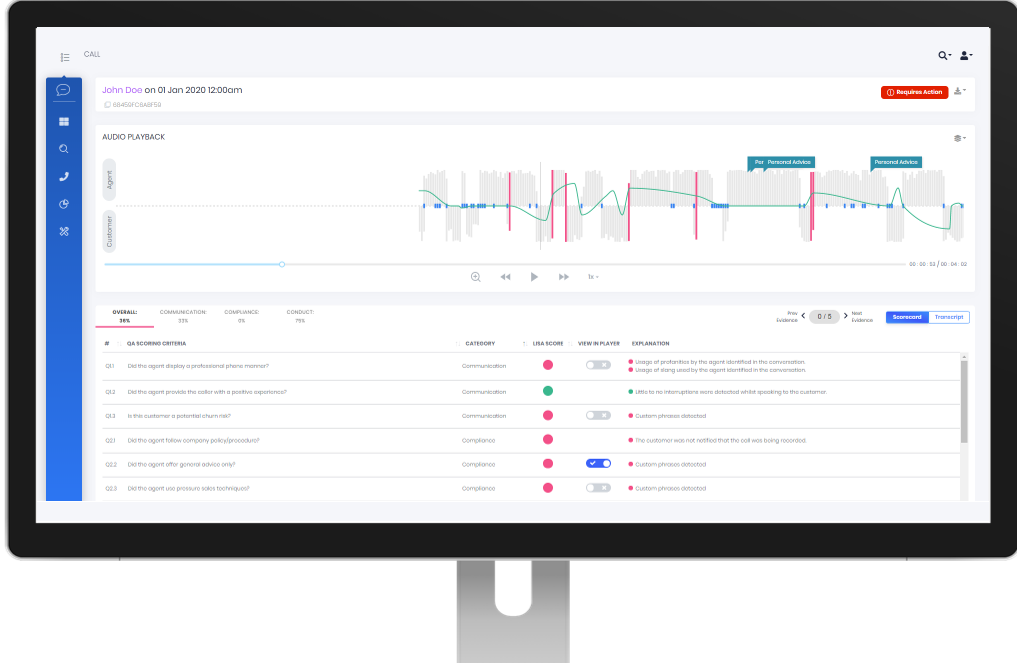 • Analisi delle conversazioni, alimentata da trascrizioni, potente IA e schede di valutazione delle chiamate automatizzate che sono personalizzate per le esigenze specifiche della tua azienda
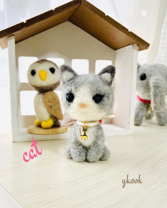0 7 今度は羊毛フェルトの猫ちゃん作りました🐈 ねこのアクセサリー付けてます^ ^ #羊毛フェルト #猫 #ねこ #ぬいぐるみ #置物 20/06/14 19:45
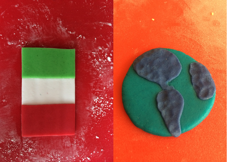 Pour le drapeau italien, j’ai utilisé de la pâte à sucre blanche sur laquelle j’ai choisi de poser deux rectangles de couleurs rouge et verte. Pour le drapeau Allemand j’ai procédé de même avec de la pâte à sucre noire, jaune et rouge. J’ai effectué mes découpes avec un couteau de cuisine à l’aide d’une règle.
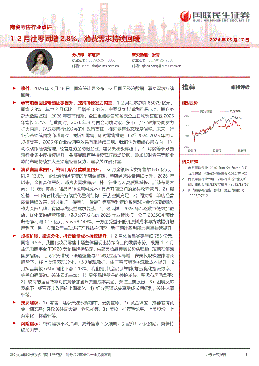 商贸零售行业:国联民生证券-商贸零售行业点评:1~2月社零同增2.8%,消费需求持续回暖-260317

============================================================

*Exercise goal*. Write out, please, the lines of the listing above from the one with "Pour le drapeau italien, j’ai" through the very last, exactly as given and with no pictures.

*Response for this exercise*.
 Pour le drapeau italien, j’ai utilisé de la pâte à sucre blanche sur laquelle j’ai choisi de poser deux rectangles de couleurs rouge et verte. Pour le drapeau Allemand j’ai procédé de même avec de la pâte à sucre noire, jaune et rouge. J’ai effectué mes découpes avec un couteau de cuisine à l’aide d’une règle.
 商贸零售行业:国联民生证券-商贸零售行业点评:1~2月社零同增2.8%,消费需求持续回暖-260317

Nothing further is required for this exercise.